This is a good thing. There is a lot to love about Spider-Man 3, and Tobey Maguire’s dancing was never the problem a million late-2000s memes made it out to be. The real problem was much bigger, and far less superficial: It made Uncle Ben’s death not Peter Parker’s fault.
Spider-Man 3 kicks off its entire emotional arc with a retcon, as Peter learns new villain Flint Marko/The Sandman is in fact his uncle’s real killer, and the thief from the first film merely his accomplice. This revelation sends Peter in a rage spiral that makes him susceptible to the alien costume that attempts to bond with him, and causes him to nearly destroy all of his personal relationships.
I understand how a storyteller would get here, and why they would want to do this.
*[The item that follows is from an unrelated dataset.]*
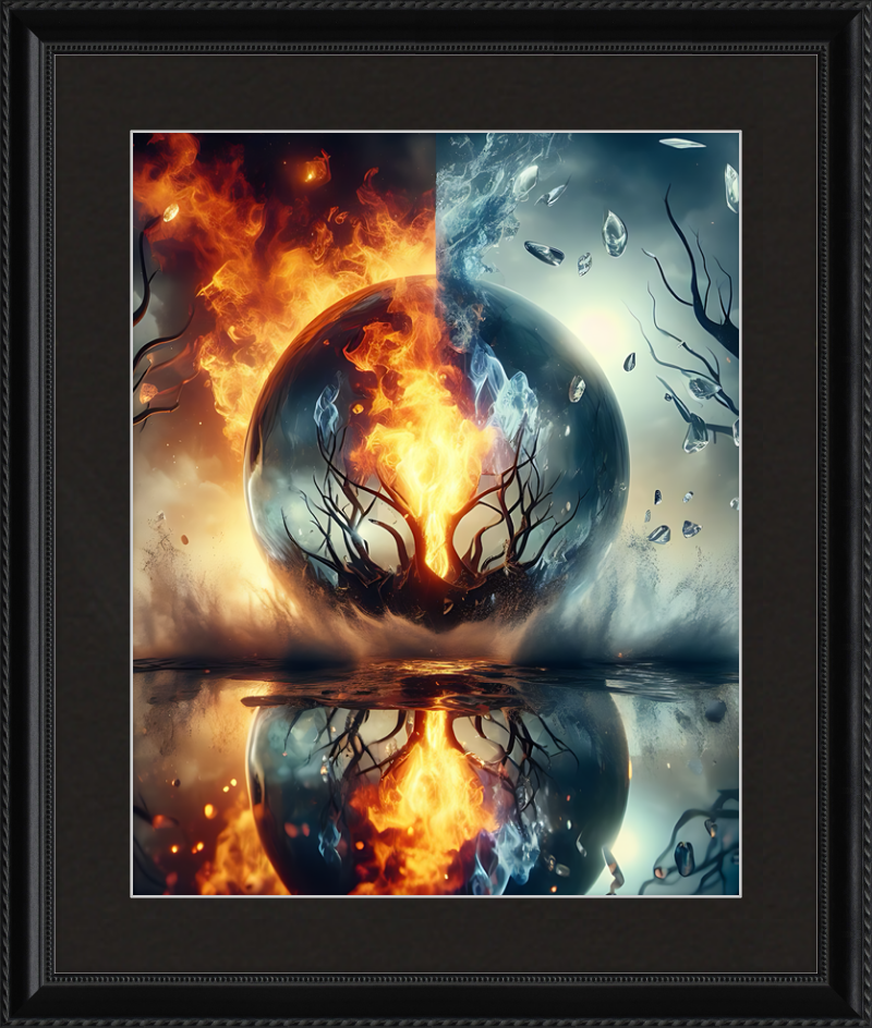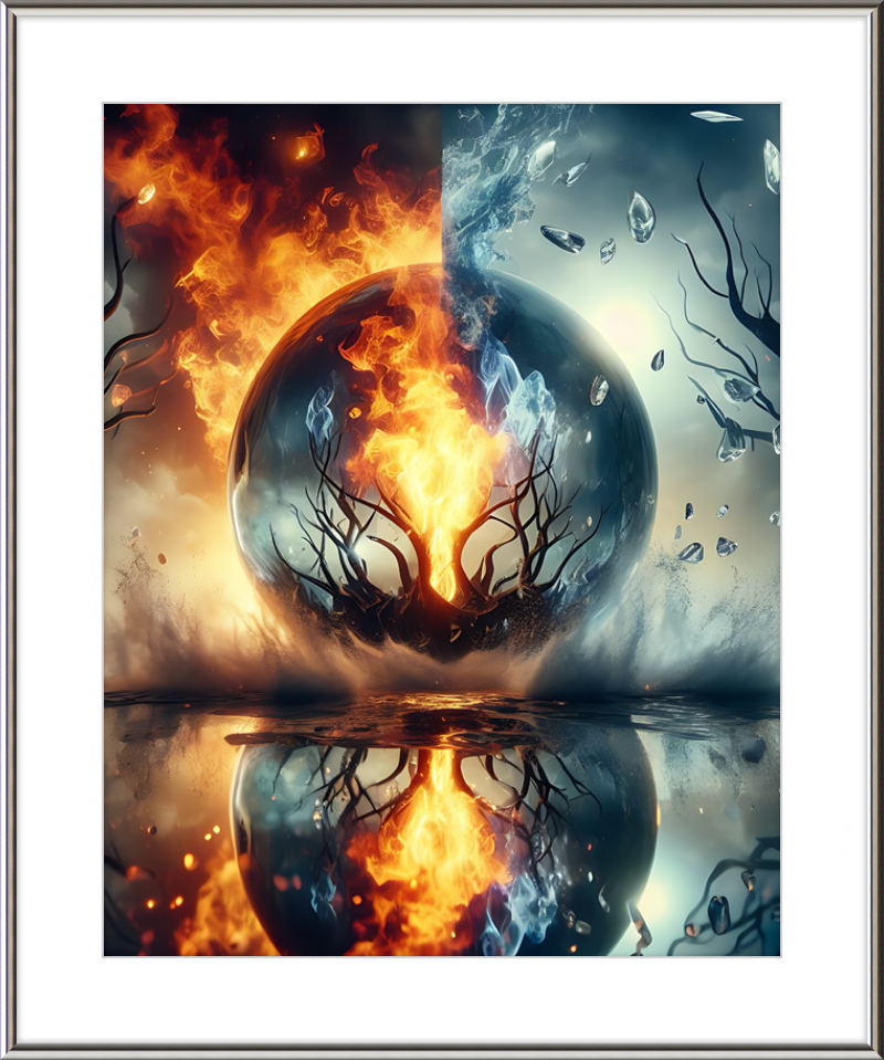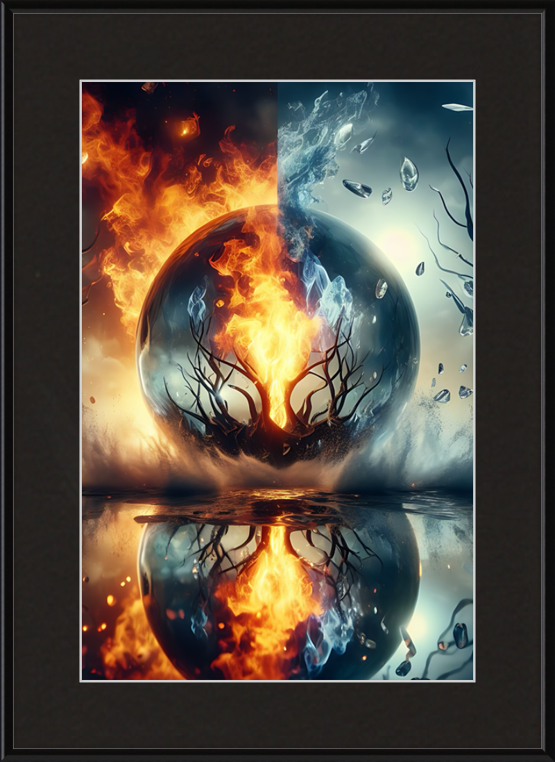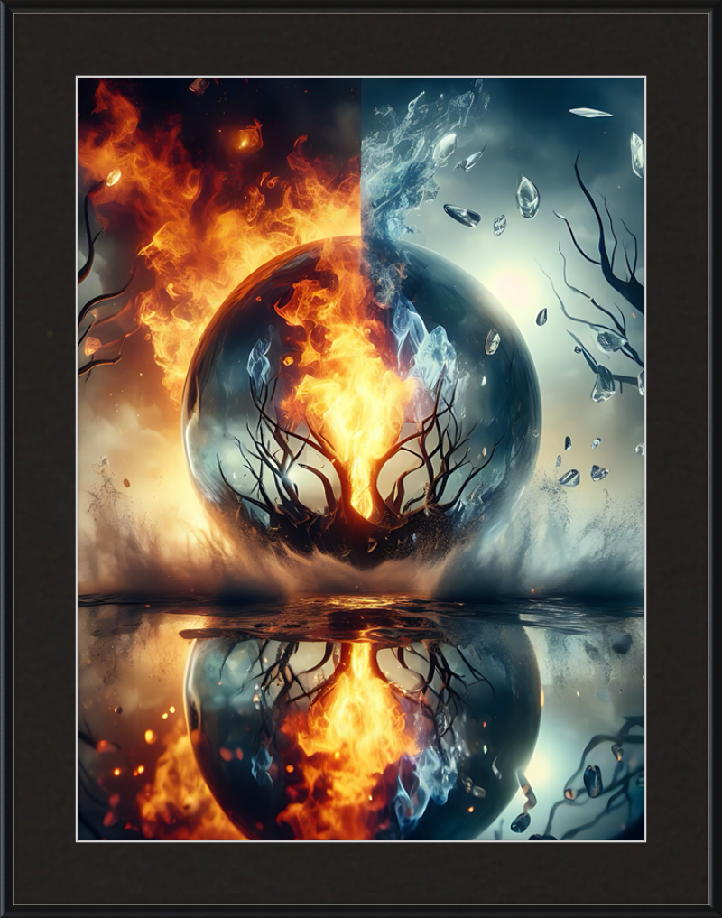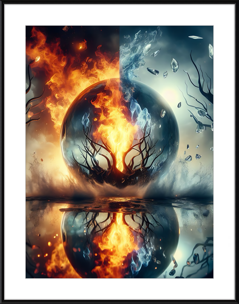 This mesmerizing print captures a cosmic clash of elements. Reflective waters mirror a central tree ablaze within a magical sphere. Fire and ice swirl in harmonious opposition, evoking both wonder and contemplation.

I just happen to think it is a disastrous choice for a story about basically any version of Peter Parker. More than the spider bite, more than the costume, more than “with great power there must also come great responsibility,” the fundamental truth about Peter Parker is that he never gets over it. He blames himself for what happened to Uncle Ben, and the terrible thing is he’s right. He could have done something, and so he vows to never stand aside and do nothing again.
People often say that Spider-Man is popular because he’s relatable, working class, or that he’s got a full-body costume and, in the lily-white world of ‘60s comics, you could imagine yourself under that mask. That’s all important, definitely, but I think the real reason is guilt. Spider-Man’s staying power comes from the self-loathing baked into his origin, the difference between a teen coming of age story that rings true and one that does not.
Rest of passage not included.